The built-in microphone captures an analog signal, which is converted into a digital signal that the Wio Terminal can process. When recording audio, the data must be captured at precise intervals—for example, to record audio at 16KHz, the audio must be sampled exactly 16,000 times per second, with equal spacing between each sample. Instead of relying on your code to handle this, you can use the direct memory access controller (DMAC). This hardware component can capture a signal and write it to memory without interrupting the processor's operations.
✅ Learn more about DMA on the [direct memory access page on Wikipedia](https://wikipedia.org/wiki/Direct_memory_access).

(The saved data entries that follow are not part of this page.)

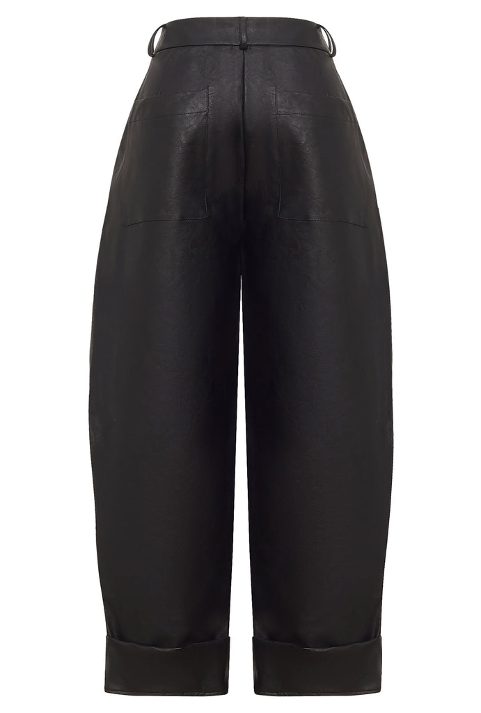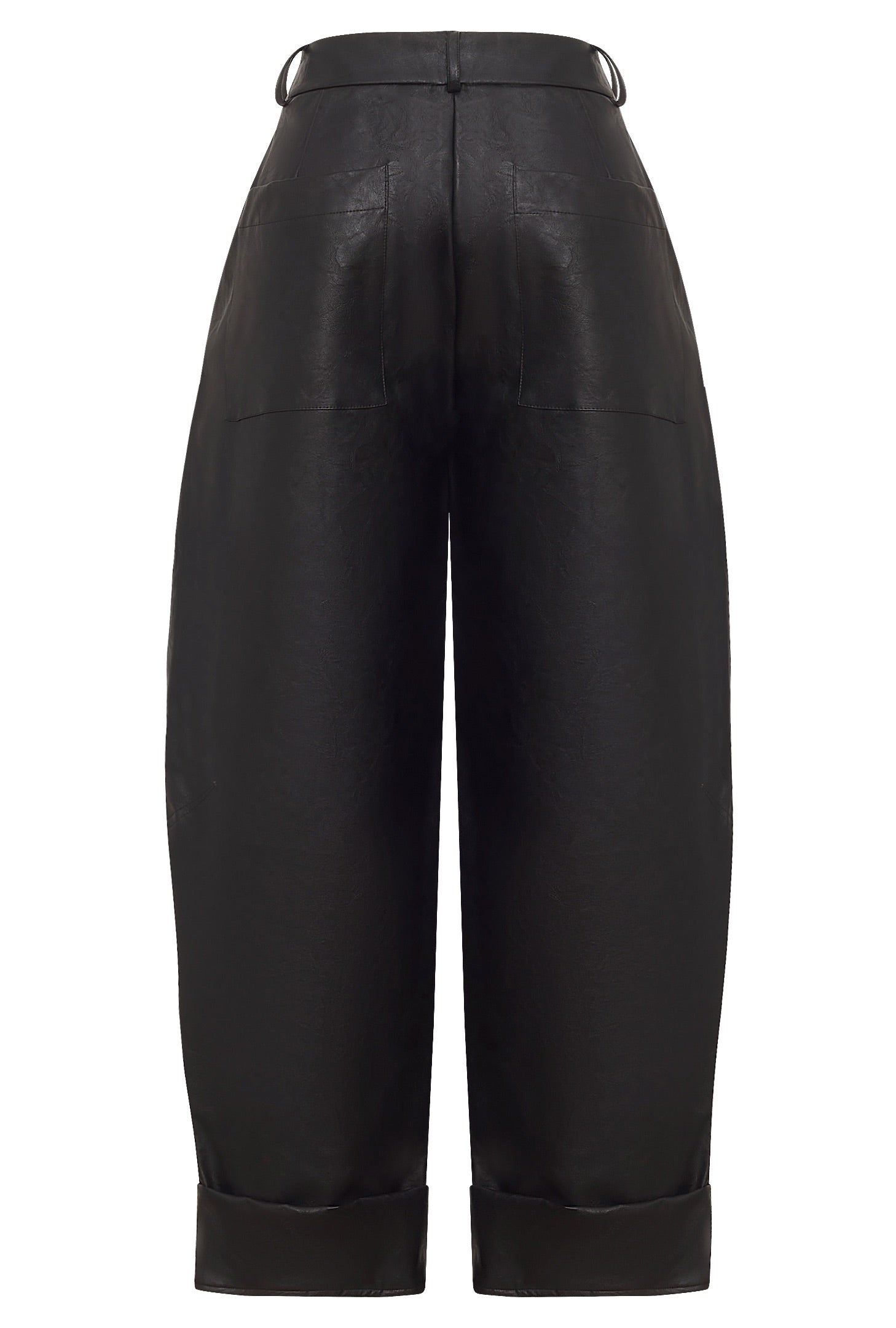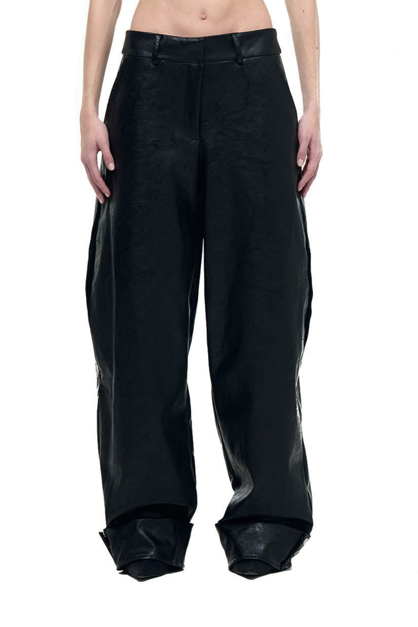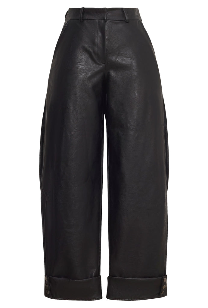 CALÇA OVERSIZED COM BARRA DOBRADA COM BOTÕES, EM COURO SINTÉTICO PRETO.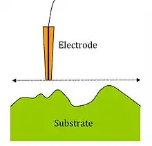 The most common scanning mode is constant-height mode,[7] where the tip height is unchanging and is scanned across the surface in the x-y plane. Alternatively, constant distance measurements are possible, which change the z position to maintain the probe to sample distance as the probe is scanned across the surface in the x-y plane. The constant distance measurement can be based on an electrical signal as is the case in the constant-current mode,[7] where the device attempts to maintain a constant current by changing the substrate to tip distance, d, and recording the change in d. A mechanical signal can also be used to control the probe to sample distance. Examples of this are the intermittent contact (ic)-SECM[21] and shear force[22] techniques which use changes in probe vibration to maintain the probe to sample distance.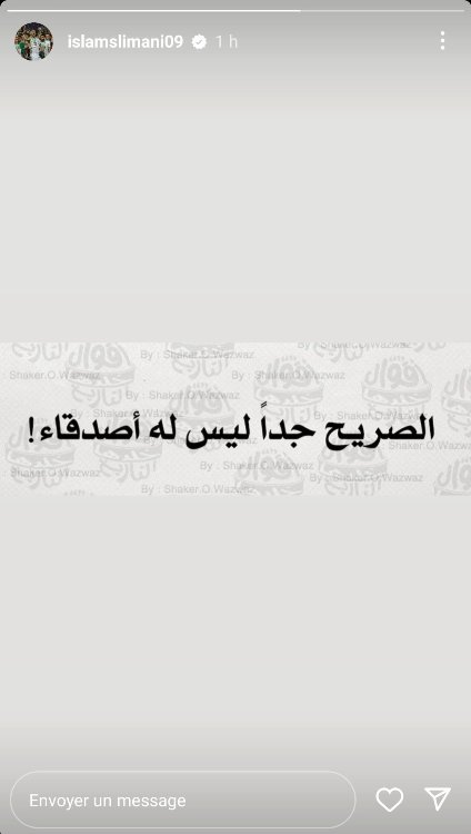 وكتب إسلام سليماني مهاجم فريق براست الفرنسي: “الصّريح جدّا ليس له أصدقاء”.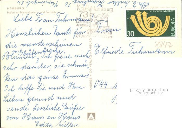 72158249 alte Postkarte HAMBURG CITY Hafen Michaeliskirche Fernsehturm postalisch gelaufen Erhaltung siehe scans KatCode: 11110002000000

![Audio from the mic goes to an ADC then to the DMAC. This writes to one buffer. When this buffer is full, it is processed and the DMAC writes to a second buffer](../../../../../translated_images/dmac-adc-buffers.4509aee49145c90bc2e1be472b8ed2ddfcb2b6a81ad3e559114aca55f5fff759.en.png)
The DMAC can record audio from the ADC at fixed intervals, such as 16,000 times per second for 16KHz audio. It writes this data to a pre-allocated memory buffer, and when the buffer is full, it notifies your code to process the data. Using a single buffer can cause delays in recording, but you can set up multiple buffers. The DMAC writes to buffer 1, and when its full, it notifies your code to process buffer 1 while it writes to buffer 2. When buffer 2 is full, it notifies your code and switches back to buffer 1. As long as you process each buffer faster than the time it takes to fill one, no data will be lost.
Once each buffer is processed, the data can be written to flash memory. Flash memory requires specific addresses for writing, specifying where and how much data to write—similar to updating an array of bytes in memory. Flash memory has granularity, meaning erase and write operations must align with fixed sizes. For example, if the granularity is 4096 bytes and you request an erase at address 4200, it may erase all data from address 4096 to 8192. This means audio data must be written to flash memory in appropriately sized chunks.
### Task - configure flash memory
1. Create a new Wio Terminal project using PlatformIO. Name the project `smart-timer`. Add code in the `setup` function to configure the serial port.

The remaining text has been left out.